━━━━━ Supplied records ━━━━━
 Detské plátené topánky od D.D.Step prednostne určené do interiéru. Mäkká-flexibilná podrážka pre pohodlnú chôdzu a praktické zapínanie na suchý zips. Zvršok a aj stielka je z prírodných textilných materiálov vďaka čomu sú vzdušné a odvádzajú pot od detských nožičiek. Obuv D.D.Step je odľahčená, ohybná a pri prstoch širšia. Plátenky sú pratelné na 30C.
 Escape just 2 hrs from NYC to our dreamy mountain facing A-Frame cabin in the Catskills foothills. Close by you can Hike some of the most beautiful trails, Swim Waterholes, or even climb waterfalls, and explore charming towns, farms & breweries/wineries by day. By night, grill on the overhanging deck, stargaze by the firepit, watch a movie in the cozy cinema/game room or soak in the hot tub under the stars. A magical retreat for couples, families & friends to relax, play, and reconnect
━━━━━
━━━━━ Supplied records ━━━━━
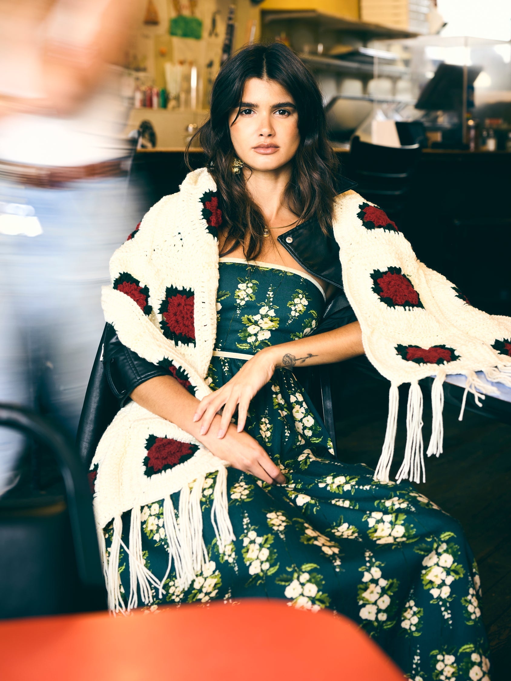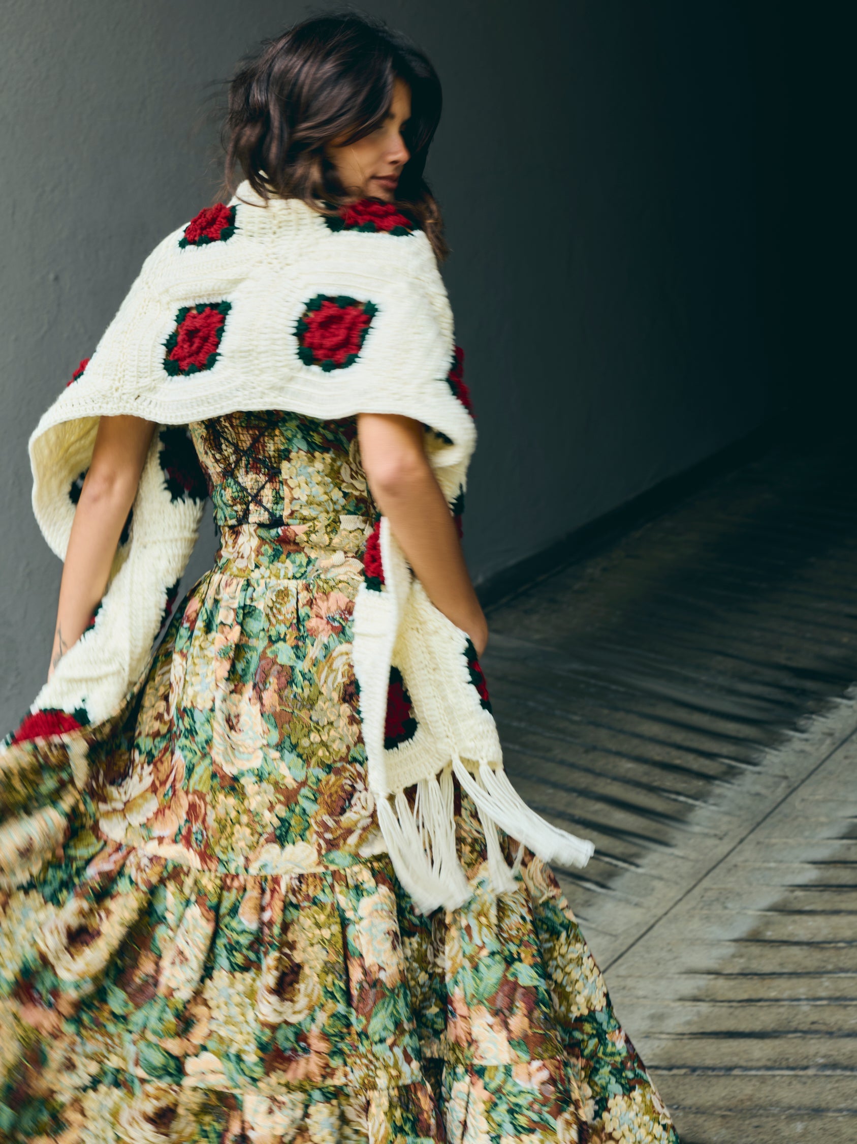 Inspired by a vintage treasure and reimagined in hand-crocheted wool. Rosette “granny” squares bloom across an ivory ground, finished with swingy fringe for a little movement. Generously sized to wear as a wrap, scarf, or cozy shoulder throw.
━━━━━
━━━━━ Supplied records ━━━━━
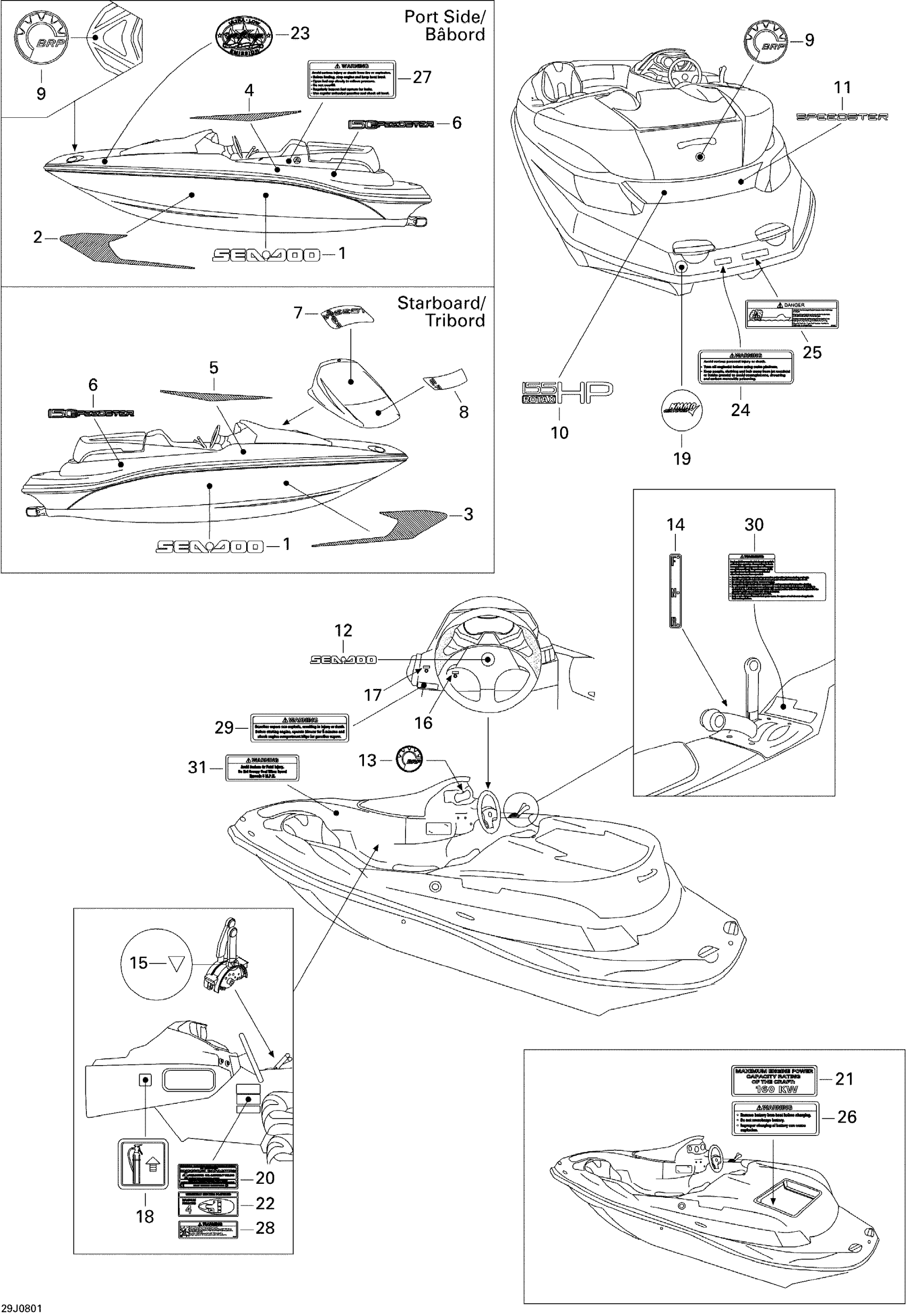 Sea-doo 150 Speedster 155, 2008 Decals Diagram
━━━━━
▶ [What you should do]: Since only part of the listing is wanted, copy exactly the lines from the one holding "Detské plátené topánky" to the one holding "Escape just 2", both included.

▶ [Answer to the problem]:
 Detské plátené topánky od D.D.Step prednostne určené do interiéru. Mäkká-flexibilná podrážka pre pohodlnú chôdzu a praktické zapínanie na suchý zips. Zvršok a aj stielka je z prírodných textilných materiálov vďaka čomu sú vzdušné a odvádzajú pot od detských nožičiek. Obuv D.D.Step je odľahčená, ohybná a pri prstoch širšia. Plátenky sú pratelné na 30C.
 Escape just 2 hrs from NYC to our dreamy mountain facing A-Frame cabin in the Catskills foothills. Close by you can Hike some of the most beautiful trails, Swim Waterholes, or even climb waterfalls, and explore charming towns, farms & breweries/wineries by day. By night, grill on the overhanging deck, stargaze by the firepit, watch a movie in the cozy cinema/game room or soak in the hot tub under the stars. A magical retreat for couples, families & friends to relax, play, and reconnect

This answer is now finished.